--- Instructions to follow ---
Only the lines below between the one holding "Kit de tarjetas" and the one holding "This very interesting", inclusive, are to be reproduced word for word; the pictures are to be left out.

--- Material to process ---
_ _ _ _ _ _ _

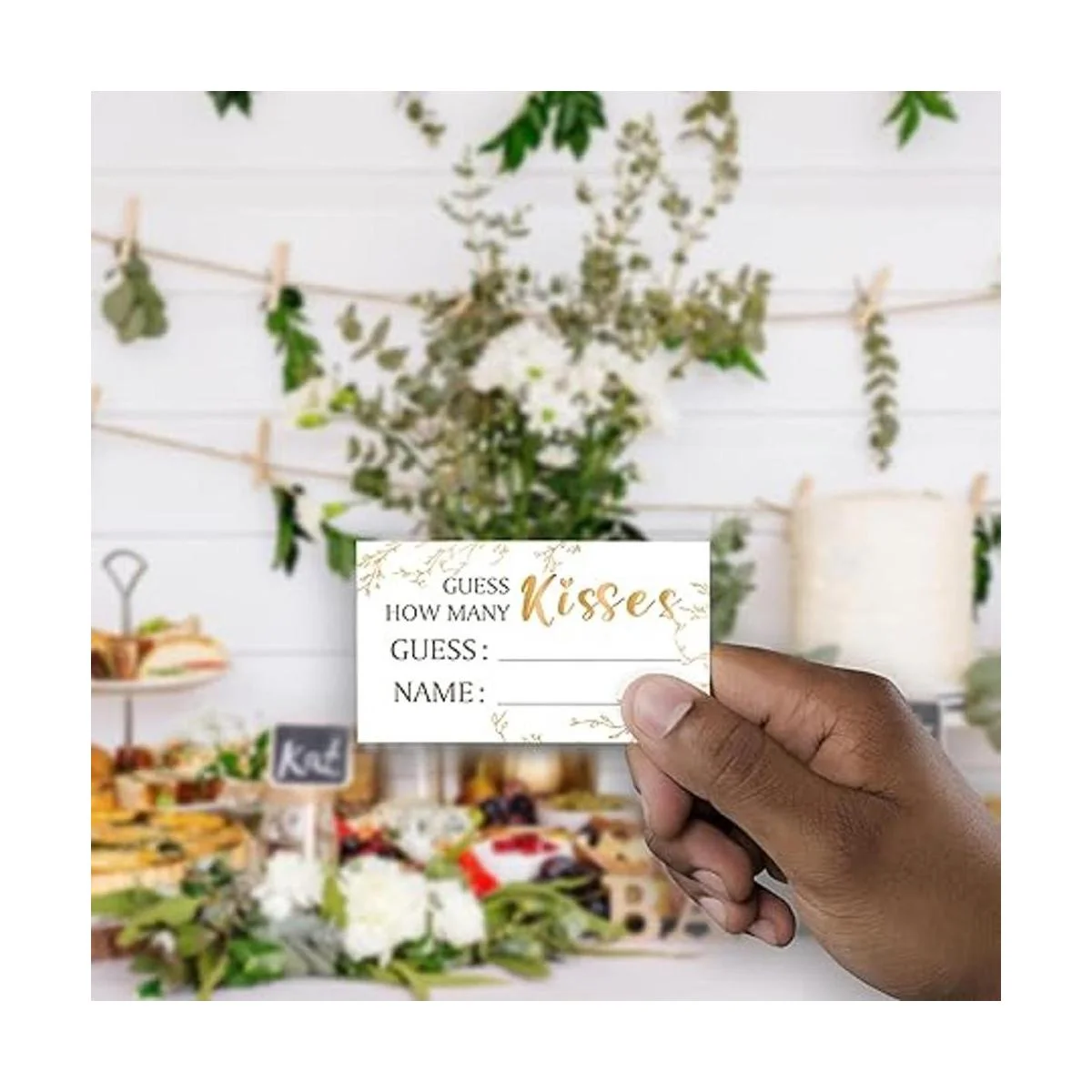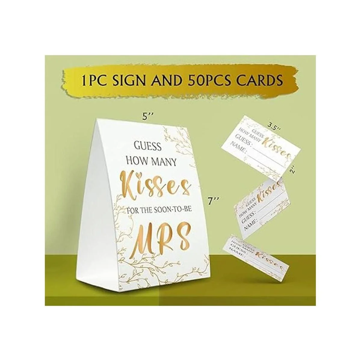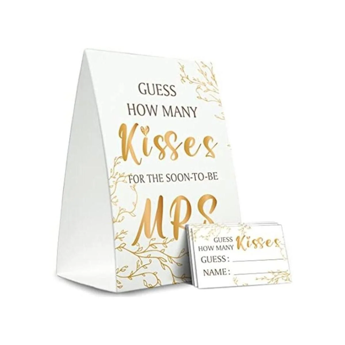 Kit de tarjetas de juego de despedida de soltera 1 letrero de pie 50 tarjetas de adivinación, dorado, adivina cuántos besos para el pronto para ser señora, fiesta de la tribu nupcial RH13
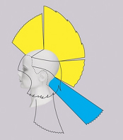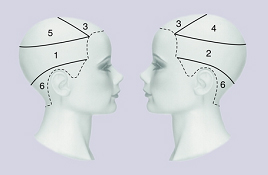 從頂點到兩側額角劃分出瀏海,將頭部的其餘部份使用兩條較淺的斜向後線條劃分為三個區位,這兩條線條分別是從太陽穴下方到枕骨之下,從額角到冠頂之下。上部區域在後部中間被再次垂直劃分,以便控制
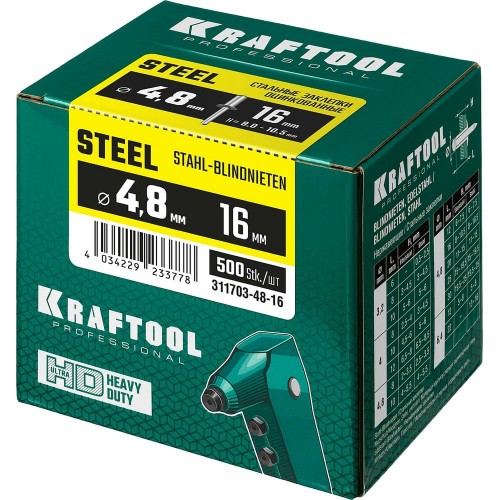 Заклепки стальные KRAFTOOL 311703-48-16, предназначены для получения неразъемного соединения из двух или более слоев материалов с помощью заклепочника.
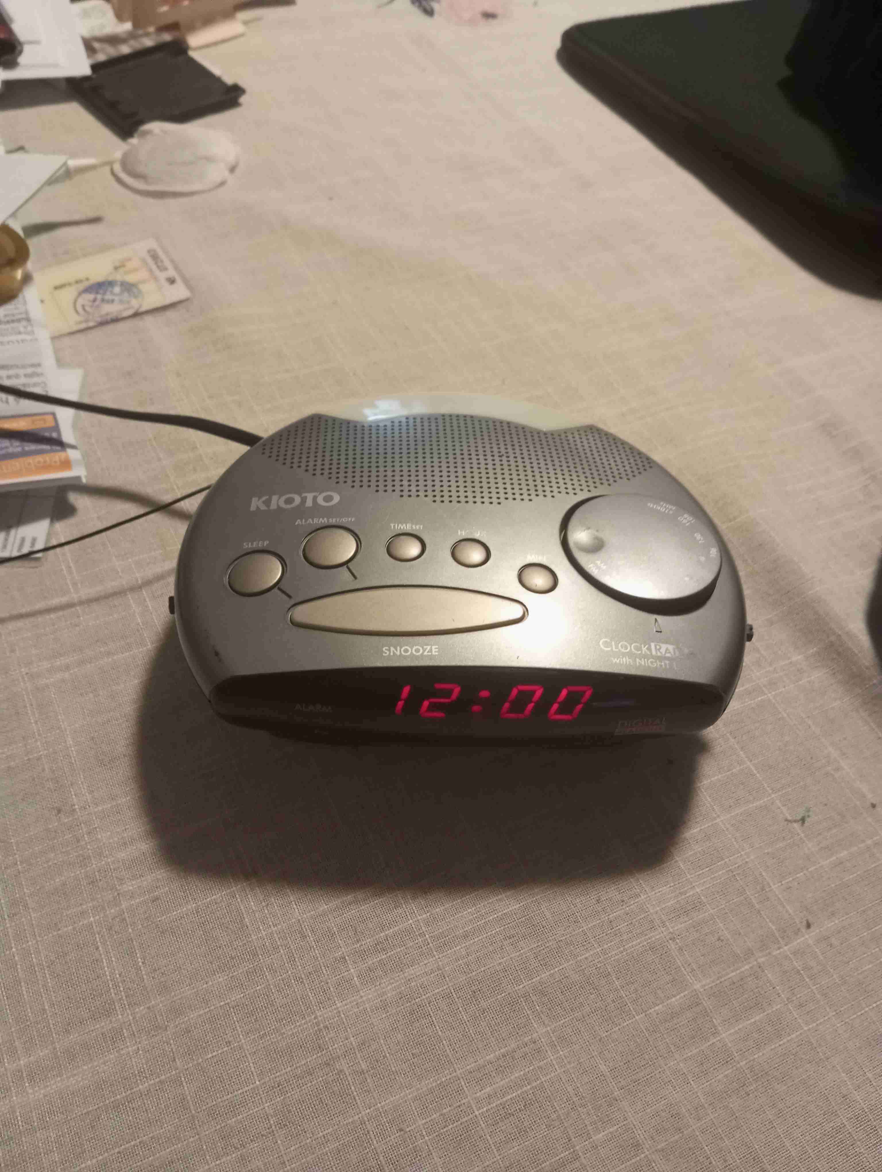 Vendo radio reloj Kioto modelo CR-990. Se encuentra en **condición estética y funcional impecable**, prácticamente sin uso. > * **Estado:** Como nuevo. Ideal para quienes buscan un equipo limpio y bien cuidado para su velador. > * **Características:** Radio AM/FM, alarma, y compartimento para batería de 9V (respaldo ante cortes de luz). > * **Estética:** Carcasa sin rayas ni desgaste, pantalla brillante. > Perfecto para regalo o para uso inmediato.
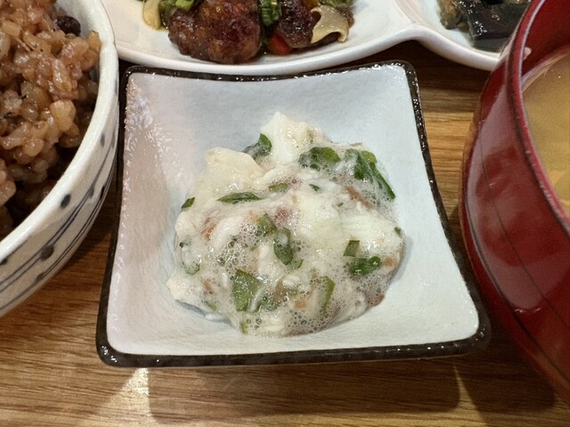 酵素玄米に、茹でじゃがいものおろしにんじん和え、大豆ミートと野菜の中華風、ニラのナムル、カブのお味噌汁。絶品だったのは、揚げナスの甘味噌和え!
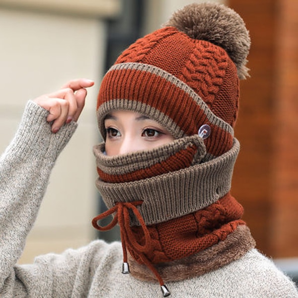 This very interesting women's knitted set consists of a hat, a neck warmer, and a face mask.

_ _ _ _ _ _ _

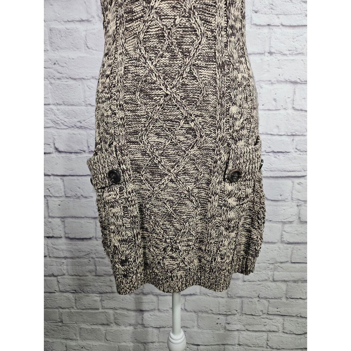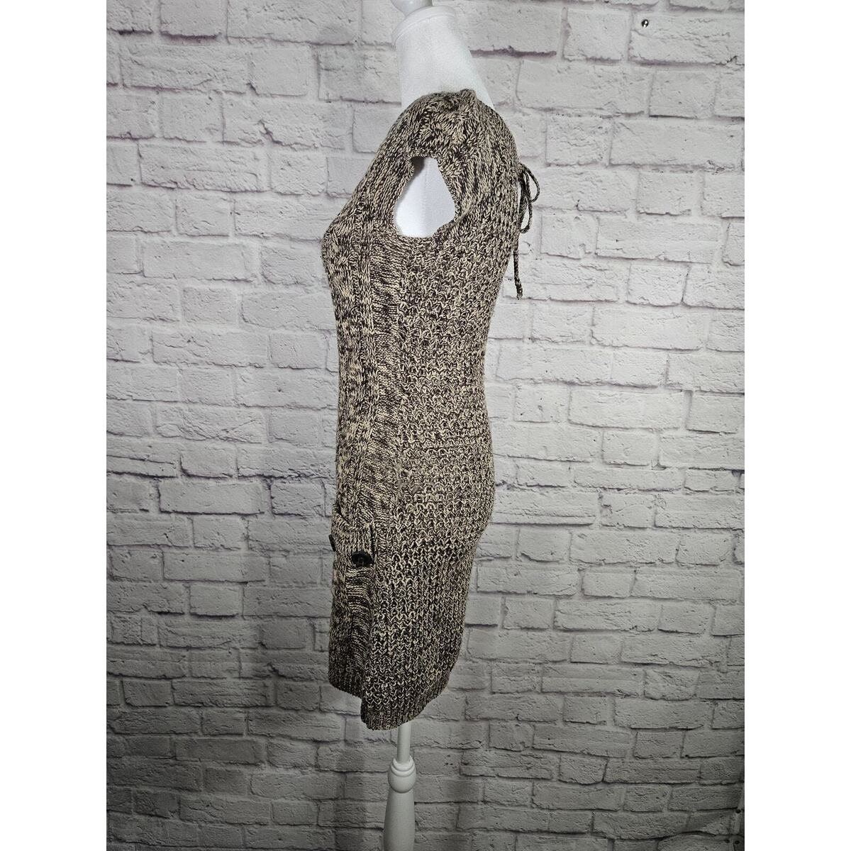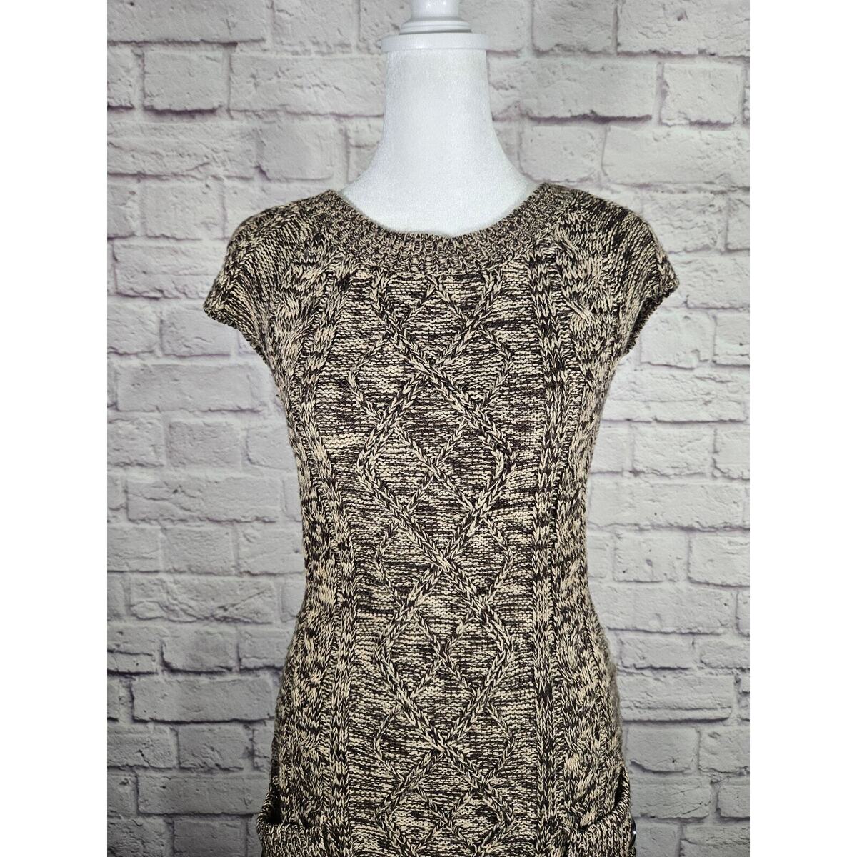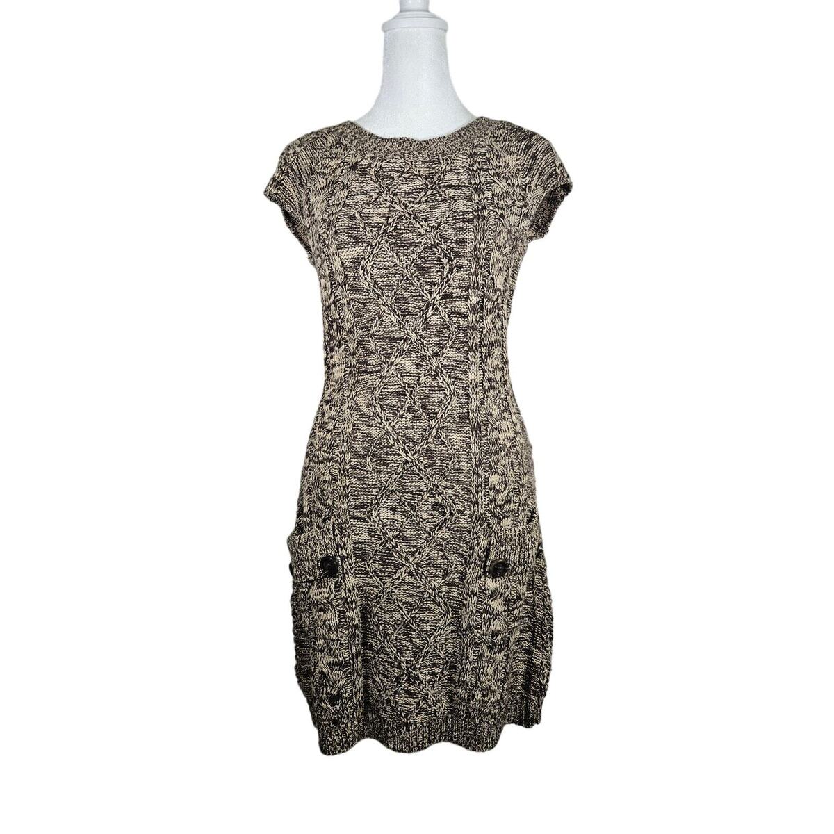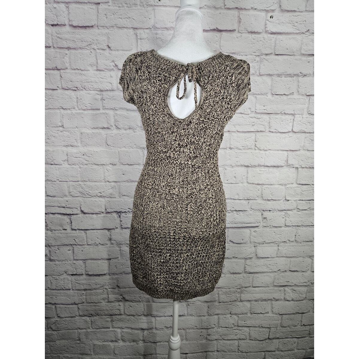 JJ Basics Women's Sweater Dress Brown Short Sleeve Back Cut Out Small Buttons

_ _ _ _ _ _ _

--- Solution to this exercise ---
 Kit de tarjetas de juego de despedida de soltera 1 letrero de pie 50 tarjetas de adivinación, dorado, adivina cuántos besos para el pronto para ser señora, fiesta de la tribu nupcial RH13
 從頂點到兩側額角劃分出瀏海,將頭部的其餘部份使用兩條較淺的斜向後線條劃分為三個區位,這兩條線條分別是從太陽穴下方到枕骨之下,從額角到冠頂之下。上部區域在後部中間被再次垂直劃分,以便控制
 Заклепки стальные KRAFTOOL 311703-48-16, предназначены для получения неразъемного соединения из двух или более слоев материалов с помощью заклепочника.
 Vendo radio reloj Kioto modelo CR-990. Se encuentra en **condición estética y funcional impecable**, prácticamente sin uso. > * **Estado:** Como nuevo. Ideal para quienes buscan un equipo limpio y bien cuidado para su velador. > * **Características:** Radio AM/FM, alarma, y compartimento para batería de 9V (respaldo ante cortes de luz). > * **Estética:** Carcasa sin rayas ni desgaste, pantalla brillante. > Perfecto para regalo o para uso inmediato.
 酵素玄米に、茹でじゃがいものおろしにんじん和え、大豆ミートと野菜の中華風、ニラのナムル、カブのお味噌汁。絶品だったのは、揚げナスの甘味噌和え!
 This very interesting women's knitted set consists of a hat, a neck warmer, and a face mask.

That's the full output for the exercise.